Event data may be provided, for example, by entries in a log file
or a syslog server, alerts, alarms, network packets, emails, or
notification pages.
[0012] Event data can include information about the device or
application that generated the event and when the event was
received from the event source ("receipt time"). The receipt time
may be a date/time stamp, and the event source is a network
endpoint identifier (e.g., an IP address or Media Access Control
(MAC) address) and/or a description of the source, possibly
including information about the product's vendor and version. The
data/time stamp, source information and other information is used
to correlate events with a user and analyze events for security
threats.
[0013] The data storage system may also store other information to
correlate security events with users to identify threats. The
information may include user profiles include account IDs
associated with each user. The information may also include user
account ID history and user account ID authenticator information.
The data storage system is not limited to storing security events
and may store other information.
[0014] FIG. 1 illustrates a data storage system 100, according to
an embodiment. The system 100 includes a database 101, a query
manager 110, and storage engines 120a-n. The database 101 stores
data, which may include the real-time event data. The database may
continuously store the real-time event data as it is received. The
query manager 110 may be used to run queries on the data stored in
the database 101. The database 101 includes database tables 102a-x.
The tables 102a-x are organized as column-oriented or row-oriented.
An administrator may decide a proper storage type (e.g.,
column-oriented or row-oriented) for each table 102a-x. Also, each
table 102a-x may store some of the data in the database 101
according to a predetermined model, which may include a
predetermined set of fields for the data stored in the table. For
example, table 102a stores event data such as data describing
events, time of events, etc.; table 102b stores user data such as
user profile data of users having accounts; table 103a stores asset
data describing assets in the network; and so on.

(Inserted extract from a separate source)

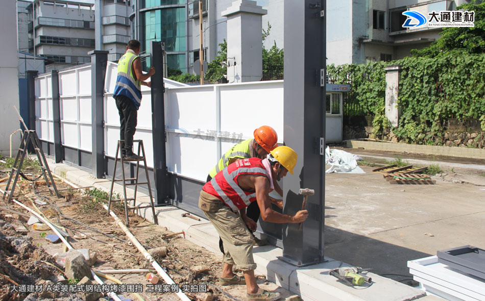 深圳大通建材生產符合惠州市政新標準的惠州圍擋A款,這是一款新型裝配式鋼結構烤漆圍擋,拆裝方便、抗風力強、安全性高,已廣泛應用于惠州各地區的房地產建設工程項目中。

[0015] The query manager 110 receives and runs queries on the data
storage system 100. The queries are for data stored in the database
101. The query manager 110 operates with the storage engines 120a-n
to run queries on the database 101 using the tables 102a-x. The
storage engines 120a-n may be comprised of software including
machine readable instructions to create, read, update and delete
data from the tables 102a-x. Each storage engine 120a-n may be
associated with a particular table or set of tables from the tables
a-x. In one example, storage engine 120a operates with row-oriented
tables and performs row-based queries on those tables. The storage
engine 120b operates with column-oriented tables and performs
column-based queries on those tables. The storage engines 120a-n
may use APIs to communicate with the query manager 110.
[0016] The query manager 110 stores metadata 113 for the storage
engines 120a-n and the tables 102a-x. The metadata 113 may indicate
the data stored in each table, the storage type of each table and
the tables associated with each storage engine. The query manager
110 may use the metadata 113 to select storage engines to run sub
queries which may derived from an initial query, shown as query
130, received at the data storage system 100. The query manager 110
includes a query engine 112 that receives queries, such as the
query 130. A parser 111 may parse the query 130 into sub queries.
The parser 111 may use tokens to identify expressions for the sub
queries. The query engine 112 provides the sub queries to the
corresponding storage engines 120a-n, and provides query results,
such as query result 140, to the user or another computer system.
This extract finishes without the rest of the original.